Two of six former Citgo executives who spent nearly five years in prison by the Venezuelan government have filed a lawsuit seeking more than $400 million from the Houston-based oil company, alleging it was complicit in their unjustified detention and failed to protect them from harm. and inflicted emotional distress on them and their families.

Alirio brothers Jose Zambrano and Jose Luis Zambrano, who both live in the west Houston suburb of Katy, filed the lawsuit Wednesday in Harris County with their adult daughters. They are suing Citgo and two related entities, all subsidiaries of PDVSA, an oil company owned by the Venezuelan government.

The Zambrano brothers, along with fellow U.S.-based Citgo executives Gustavo Cardenas, Jorge Toledo, Jose Pereira and Tomeu Vadell, are native Venezuelans who were summoned to a company meeting in Caracas in November 2017 , then arrested by the regime of Venezuelan leader Nicolas Maduro. . The men, known as the “Citgo 6,” were accused of trying to refinance corporate debt without authorization, convicted of crimes by a Venezuelan judge and sentenced to lengthy prison terms before being released. finally released. Five of them were released in October 2022 as part of a prisoner exchange between Venezuela and the United States, where they all either have dual nationality or permanent legal residents.

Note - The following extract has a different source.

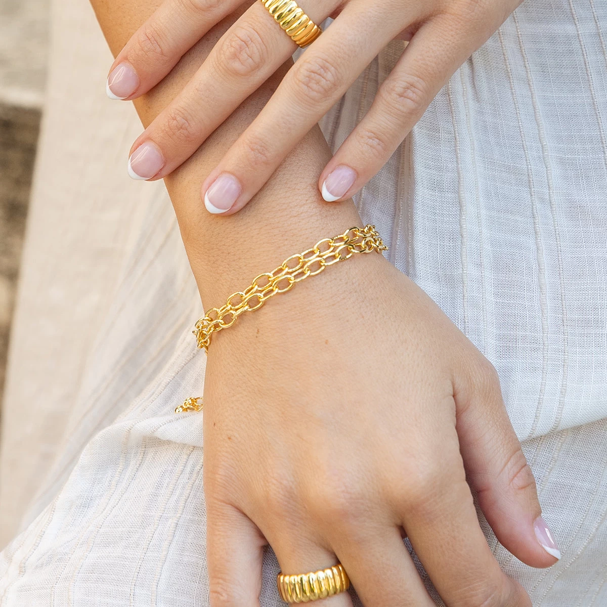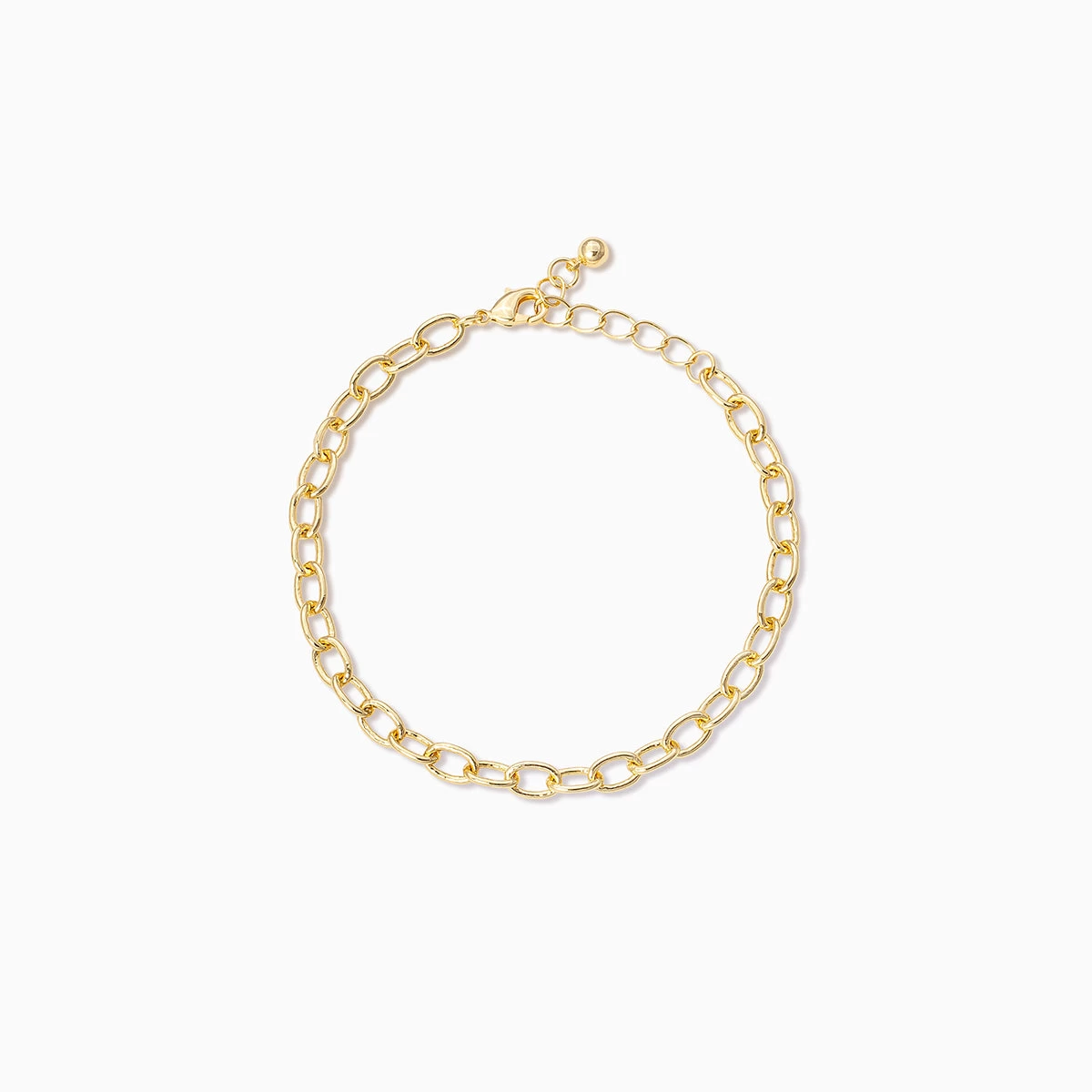 There’s no need to over complicate it, our Standard Cable Chain Bracelet is an essential. This everyday gold chain bracelet will put the final touches on any look you’re going for. To recreate an arm candy look our stylists love, pair this gold bracelet with our Staple Paperclip Chain Bracelet, Parthenon Ribbed Ring, and Everyday Band Ring.
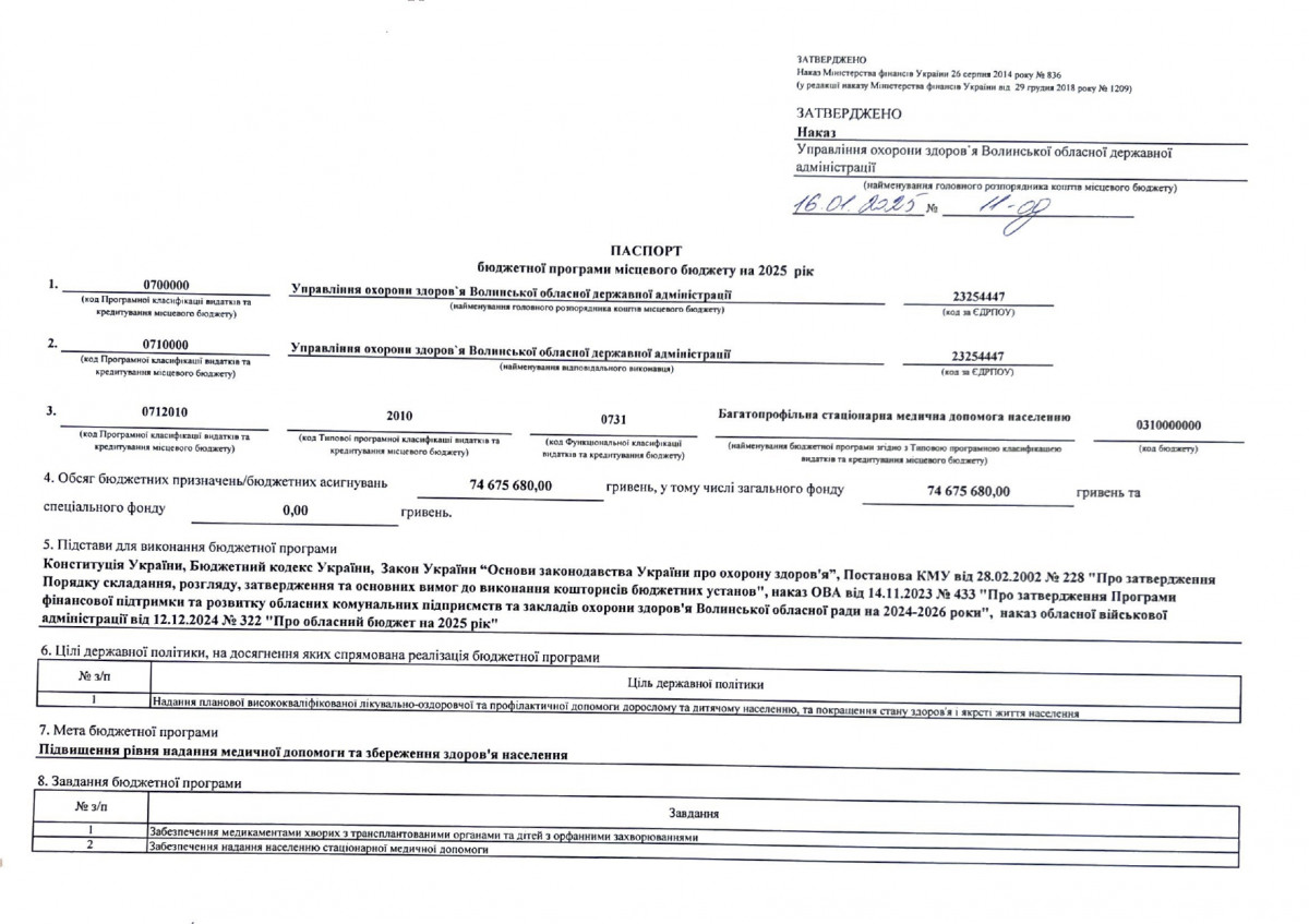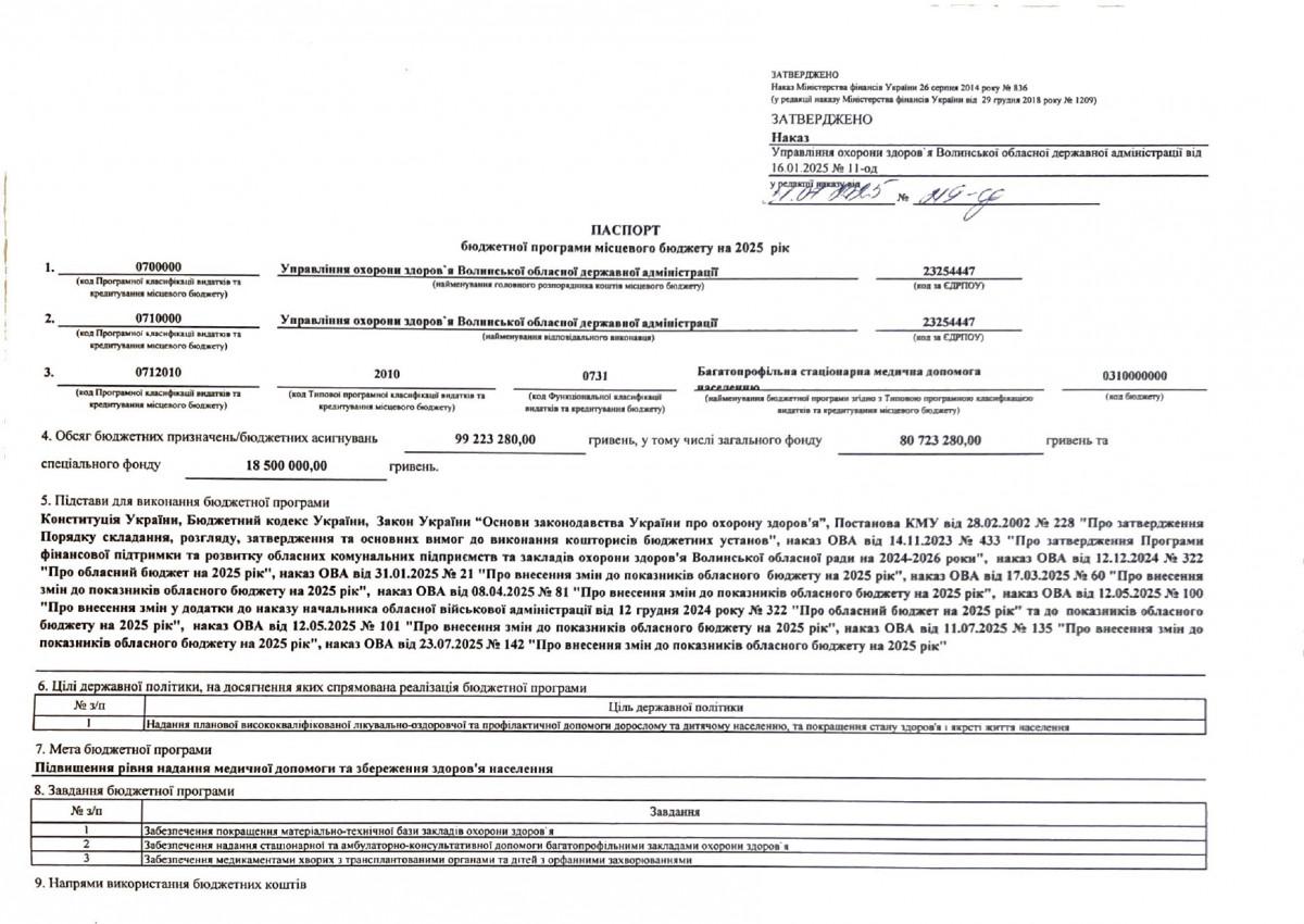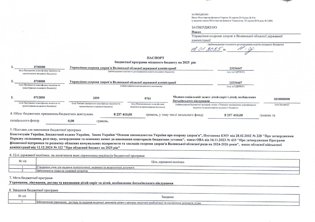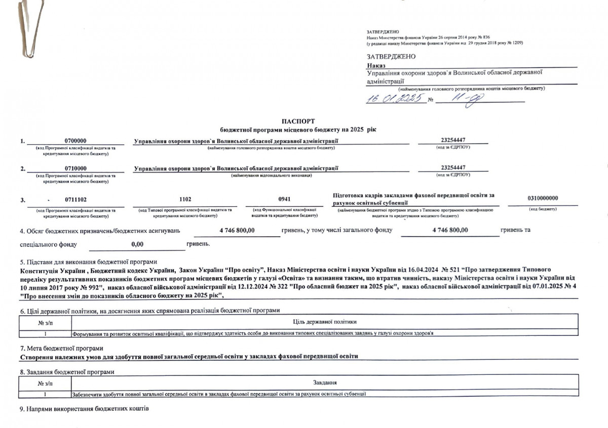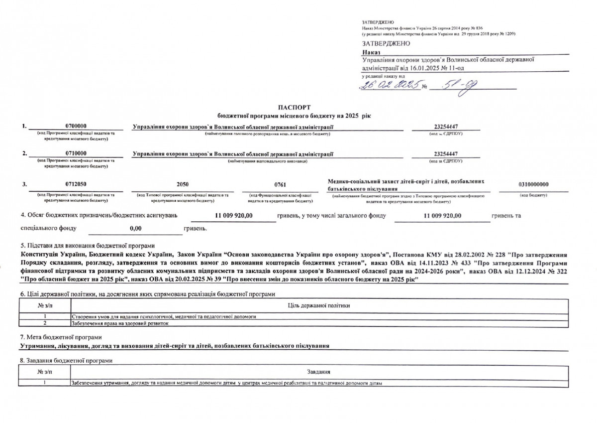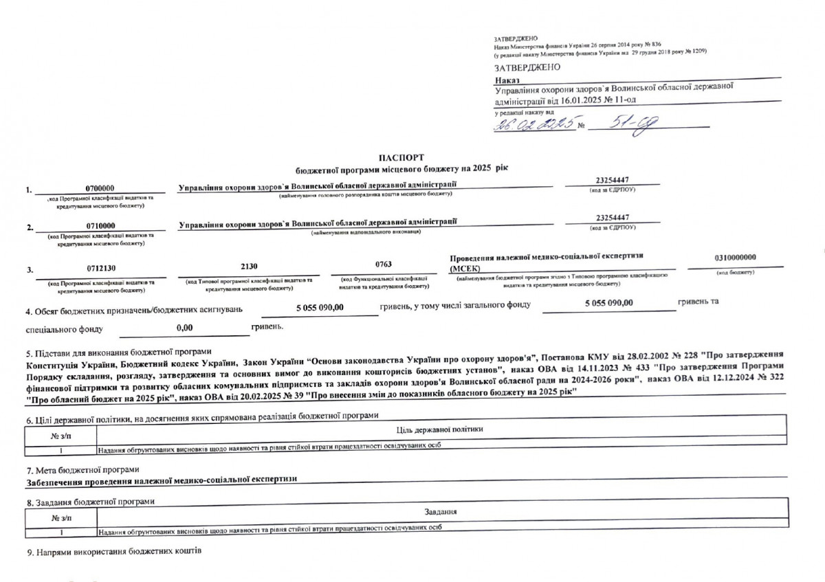 Паспорти бюджетних програм

“For years, our clients have been detained in dire conditions, away from their families and loved ones, undergoing immense torture and physical and emotional suffering,” said Randy Sorrels, one of the Zambranos’ attorneys based in Houston. “This lawsuit seeks to hold these companies accountable for their reckless, callous and negligent actions, and to obtain compensation for the enormous harm suffered by the Zambrano brothers and their families.”

Alexandra Forseth mural

Alexandra Forseth

Alexandra Forseth gives a thumbs up to a wall image of her father, Alirio Jose Zambrano, a former Citgo executive imprisoned by the Venezuelan government from November 2017 to October 2022.

Citgo did not immediately comment on the lawsuit Thursday.

Vadell, of Lake Charles, Louisiana, filed a similar lawsuit against Citgo in March 2023, seeking more than $100 million in damages. This lawsuit remains ongoing in Harris County.

Shortly after filing that suit, Citgo said it sympathized with Vadell and his family, but also said the suit “irresponsibly equates Citgo, an American company based in Houston, with an authoritarian regime in Venezuela “. The company moved to dismiss Vadell’s lawsuit, according to court records.

The Zambranos’ lawsuit claims other Citgo officials were involved in arranging their mandatory trip to Venezuela in 2017 and knew the men’s safety and well-being would be at risk. The suit accuses the company of negligence, gross negligence, conspiracy, aiding and abetting, wrongful detention, intentional infliction of emotional distress, fraud, fraud by nondisclosure and loss of consortium.

In addition to financial damages, the Zambrano brothers are also seeking increased corporate liability and protections for people ordered to travel abroad, according to their lawyers.

“The most damning piece of evidence is the fact that the Citgo vice president actually responsible for financing decisions was never arrested or released,” said Eric Gerard, one of their other lawyers. “Never in my years as a prosecutor or plaintiffs’ attorney have I seen a more egregious example of a large corporation abdicating its duty to the people it was supposed to protect. These honorable, hardworking men were trapped, detained and tortured repeatedly – ​​and Citgo knew they were innocent all along.”